Gambar ki-ka: Pelabuhan Calaca | Speedboat yang kami gunakan untuk ke Bunaken
Meninggalkan Pelabuhan Calaca
Perjalanan menuju Pulau Bunaken memakan waktu selama 45 menit. Untungnya hari itu suasana sangat cerah dan ombak pun terasa tidak terlalu besar. Saat baru berangkat dari pelabuhan, Pulau Bunaken terasa dekat, ternyata saat sudah diperjalanan terasa jauh juga.
Pemandangan menuju Pulau Bunaken
Sesampainya di Pulau Bunaken, kami langsung disapa oleh penduduk setempat untuk menyantap sarapan. Saya memesan nasi uduk dan segelas teh manis hangat sebelum turun ke air untuk snorkeling. Di Bunaken, harga penyewaan snorkel, fin dan wetsuit sudah seragam dan disediakan oleh dinas pariwisata. Untuk penyewaan snorkel dan fin dikenakan seharga Rp 100.000 dan wetsuit seharga Rp 50.000. Dinas pariwisata juga menyediakan kamera bahwa air yang dapat disewa seharga Rp 350.000. Sejujurnya dibanding saat saya ke Karimun Jawa, wisata ke Bunaken termasuk menguras kantong dan spot untuk snorkeling pun terhitung sangat terbatas.
Dari cerita Fari, di Pulau Bunaken ini hanya ada dua agama yaitu Islam dan Kristen dan tempat tinggalnya dibedakan. Ada kampung Islam dan kampung Kristen. Saat perjalanan menuju Pulau Bunaken pun saya bisa melihat adanya gereja di sebelah kanan pulau dan masjid di sebelah kiri pulau, jadi ada batas jelas antara penduduk beragama Islam dengan penduduk beragama Kristen. Fari juga menyatakan bahwa para pemeluk agama Islam lebih banyak menjadi orang-orang kapal untuk menemani wisatawan dan pemeluk agama Kristen mayoritas menjadi nelayan.
Pulau Bunaken
Akhirnya setelah sarapan saya siap untuk snorkeling. Airnya memang sangat jernih dan terumbu karangnya dapat terlihat jelas walau tanpa menggunakan snorkel. Waktu yang paling tepat untuk snorkeling memang pagi hari, sehingga terumbu karangnya dapat terlihat jelas. Ikan-ikan disini juga terhitung banyak dan dapat dengan mudah dipanggil menggunakan biskuit.
Terumbu Karang di Bunaken
Saya bersama bintang laut dan terumbu karang. Pose muka bengep.

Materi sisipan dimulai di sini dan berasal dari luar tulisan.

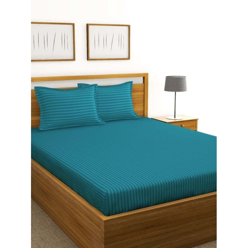 With the feel of a five-star hotel bed, this set of 1 bedsheet and 2 pillow covers from the Hilton collection by Bianca is made from double-mercerized cotton. This beautiful bed set adds charm to your bedroom. Made for your room, the set is easy to maintain. It has a TC of 210.

Setelah beberapa jam snorkeling, akhirnya tiba waktu makan siang. Untuk makan siang, kita bisa menikmati ikan bakar dan sambal dabu-dabu khas Bunaken. Ikannya besar. Sambalnya juga sangat pedas. Benar-benar santapan yang mantap setelah lelah berenang di laut.
Gambar ki-ka: Sebelum dibakar | Ikan Bakar Sambal Dabu-Dabu
Akhirnya setelah puas snorkeling dan makan siang saya kembali ke Manado.
Dalam perjalanan pulang, saya baru merasakan ramainya Manado. Angkutan umumnya terhitung banyak dan di Manado disebut "Oto" dan saya tak henti-hentinya bertemu dengan kemacetan. Salah satu sumber kemacetan di Manado adalah karena adanya antrian bahan bakar. Jadi asupan bahan bakar di Manado ini katanya memang dari dulu sudah dibatasi. Sehingga kadang pom bensin harus tutup karena tidak adanya lagi bahan bakar. Karena keterbatasan itu, maka setiap kali ada pom bensin yang buka, seluruh kendaraan akan berbondong-bondong mengantri di pom bensin. Menurut supir angkot yang saya ajak ngobrol saat itu, mereka bisa menunggu 1-2 jam hanya untuk mengisi bahan bakar.
Sepanjang perjalanan pulang, saya juga menyadari bahwa Manado ini terlihat sangat asri dikarenakan banyaknya pepohonan di sisi jalan Manado. Tapi tetap saja buat saya yang akrab dengan udara seduk, Manado terasa sangat panas terutama karena saya berada di kawasan dekat pantai. Pepohonan itu tak banyak membantu dan cukup membuat keringat deras mengalir di tubuh saya.